**WORK REQUIRED**
All of the records below should be retyped exactly, with no pictures included.

**DATA FOR ANALYSIS**
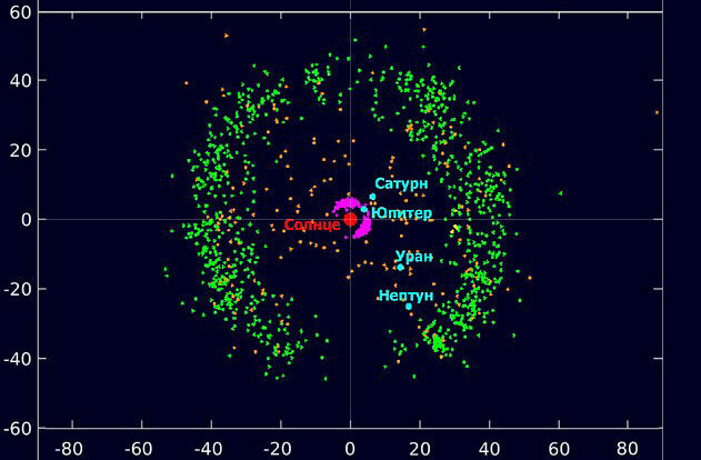 Пояс Койпера. Зеленым цветом показаны главные места сосредоточения объектов. Градации шкалы - в астрономических единицах Безусловно, имеется в этом поясе и гораздо большее количество более мелких, не поддающихся никакому наблюдению объектов, являющихся остатками материалов в процессе формирования Солнечной системы. Состоят эти объекты в основном из льдов (воды, аммиака и/или метана). Орбиты объектов пояса Койпера имеют размер от 30 до 55 астрономических единиц (1 а.о. - среднее расстояние от Солнца до Земли, почти 150 млн.км). Многие из них являются групповыми образованиями (в т.ч., двойными карликовыми планетами) и даже имеют спутники. Чем дальше находятся такие объекты от Солнца, тем чаще и больше плоскости их орбит отклоняются от эклиптики (плоскости орбиты Земли, с которой примерно совпадают и плоскости вращения всех других, "истинных" планет Солнечной системы). От классических планет, движущихся по орбитам, не слишком отличающимся от окружностей, все объекты пояса Койпера отличаются значительным эксцентриситетом (вытянутостью) орбит. Подобную орбиту имеет и рассматриваемый нами сейчас Плутон. К тому же, ее плоскость заметно не совпадает с эклиптикой (отклонение превышает 17 градусов). В связи
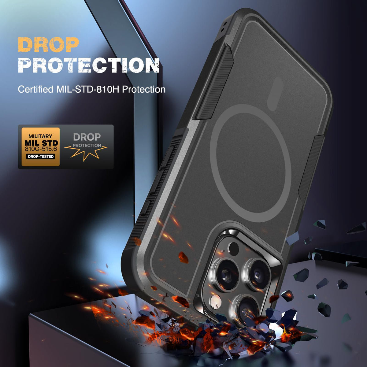 Q: What kind of protection does this case offer?A: This case provides military-grade protection certified by MIL-STD-810H, ensuring durability against drops and collisions. It features a 360° full-body rugged design, including a TPU inner cover and a hard PC back cover.
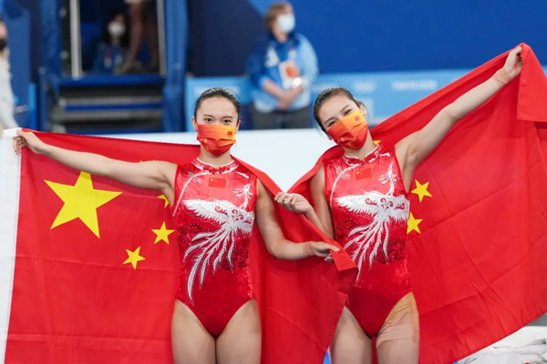 商报消息 7月30日,2020东京奥运会蹦床体操女子组决赛在有明体操竞技场举行。中国选手朱雪莹、刘灵玲分获冠、亚军,英国选手获得第三名。
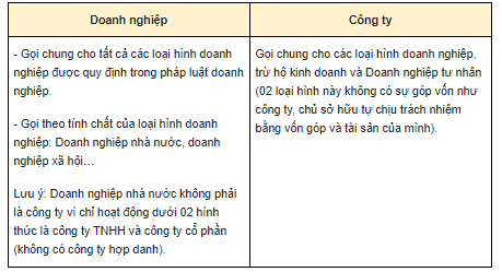 Như vậy, doanh nghiệp và công ty không giống nhau, công ty chỉ là “tập con” của doanh nghiệp.
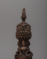 The stupa is an important Buddhist symbol that represents the Buddha's enlightened mind and the road to spiritual awakening. Its dome shape represents the universe, and the spire at the top represents the path to enlightenment. As a sacred item, the stupa functions as both a physical building and a spiritual vessel, symbolizing the Buddha's teachings and the desire for nirvana. The stupa's antique finish enhances its spiritual importance by connecting the present to years of Buddhist meditation and devotion. It is a valued object for meditation and prayer, providing a visual focus for contemplation on impermanence and the ultimate aim of enlightenment.
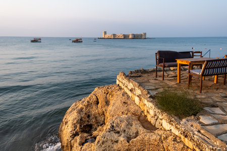 Mersin, Turkey - August 24, 2021: Kizkalesi or Maiden Castle near Mersin
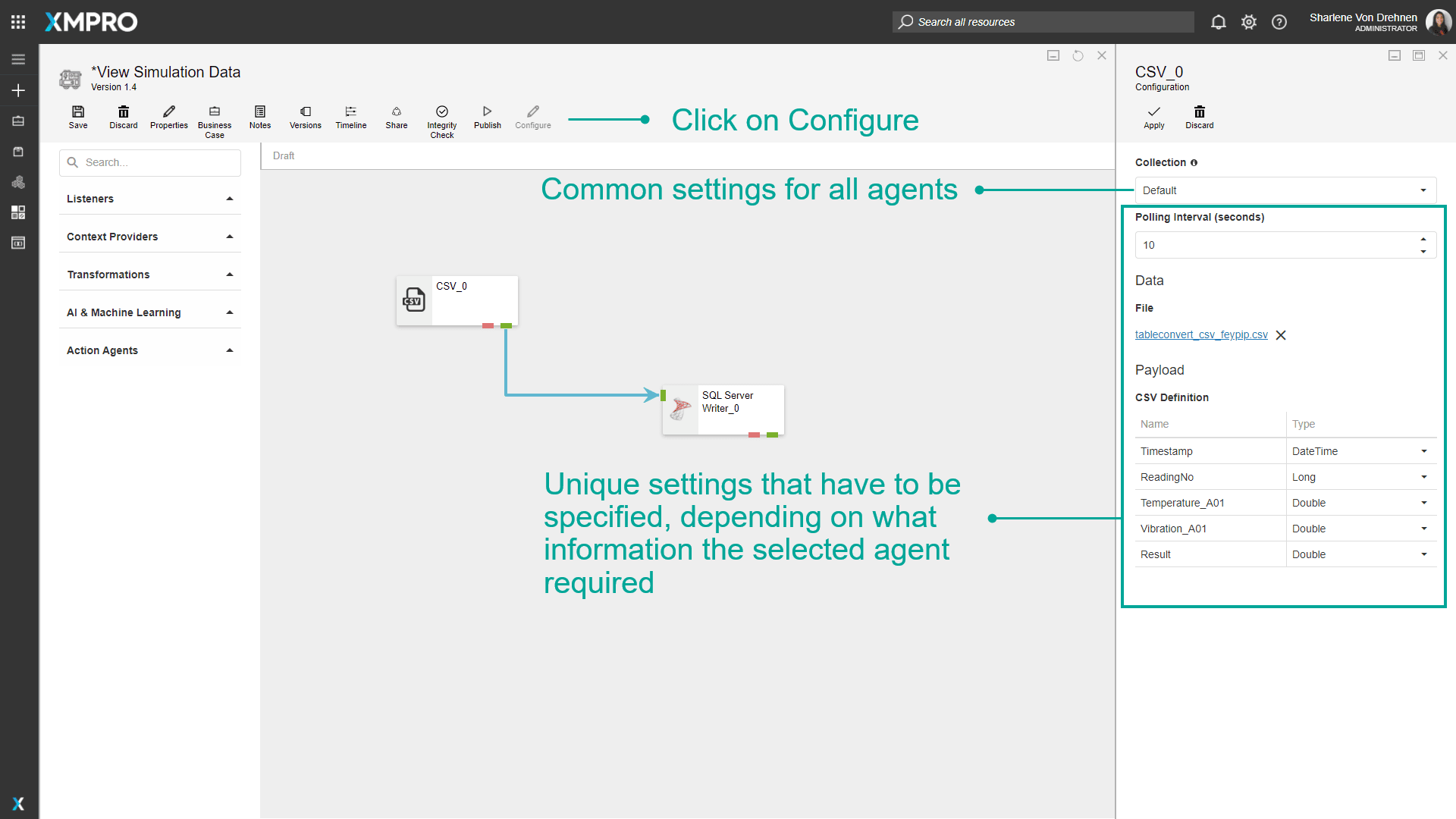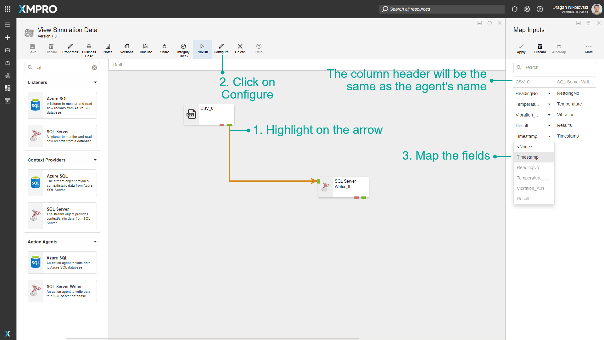 For the data to be written to the database in a specific format, you need to map the correct columns in the CSV file to the correct SQL Server table columns. To do this, both the CSV Listener and the SQL Server Writer Agents need to be configured first. To configure an Agent, click on the Agent and then on the “Configure” button. Fill in all the details required, for example, the SQL Server instance name and credentials.

**EXERCISE RESULT**
 Пояс Койпера. Зеленым цветом показаны главные места сосредоточения объектов. Градации шкалы - в астрономических единицах Безусловно, имеется в этом поясе и гораздо большее количество более мелких, не поддающихся никакому наблюдению объектов, являющихся остатками материалов в процессе формирования Солнечной системы. Состоят эти объекты в основном из льдов (воды, аммиака и/или метана). Орбиты объектов пояса Койпера имеют размер от 30 до 55 астрономических единиц (1 а.о. - среднее расстояние от Солнца до Земли, почти 150 млн.км). Многие из них являются групповыми образованиями (в т.ч., двойными карликовыми планетами) и даже имеют спутники. Чем дальше находятся такие объекты от Солнца, тем чаще и больше плоскости их орбит отклоняются от эклиптики (плоскости орбиты Земли, с которой примерно совпадают и плоскости вращения всех других, "истинных" планет Солнечной системы). От классических планет, движущихся по орбитам, не слишком отличающимся от окружностей, все объекты пояса Койпера отличаются значительным эксцентриситетом (вытянутостью) орбит. Подобную орбиту имеет и рассматриваемый нами сейчас Плутон. К тому же, ее плоскость заметно не совпадает с эклиптикой (отклонение превышает 17 градусов). В связи
 Q: What kind of protection does this case offer?A: This case provides military-grade protection certified by MIL-STD-810H, ensuring durability against drops and collisions. It features a 360° full-body rugged design, including a TPU inner cover and a hard PC back cover.
 商报消息 7月30日,2020东京奥运会蹦床体操女子组决赛在有明体操竞技场举行。中国选手朱雪莹、刘灵玲分获冠、亚军,英国选手获得第三名。
 Như vậy, doanh nghiệp và công ty không giống nhau, công ty chỉ là “tập con” của doanh nghiệp.
 The stupa is an important Buddhist symbol that represents the Buddha's enlightened mind and the road to spiritual awakening. Its dome shape represents the universe, and the spire at the top represents the path to enlightenment. As a sacred item, the stupa functions as both a physical building and a spiritual vessel, symbolizing the Buddha's teachings and the desire for nirvana. The stupa's antique finish enhances its spiritual importance by connecting the present to years of Buddhist meditation and devotion. It is a valued object for meditation and prayer, providing a visual focus for contemplation on impermanence and the ultimate aim of enlightenment.
 Mersin, Turkey - August 24, 2021: Kizkalesi or Maiden Castle near Mersin
 For the data to be written to the database in a specific format, you need to map the correct columns in the CSV file to the correct SQL Server table columns. To do this, both the CSV Listener and the SQL Server Writer Agents need to be configured first. To configure an Agent, click on the Agent and then on the “Configure” button. Fill in all the details required, for example, the SQL Server instance name and credentials.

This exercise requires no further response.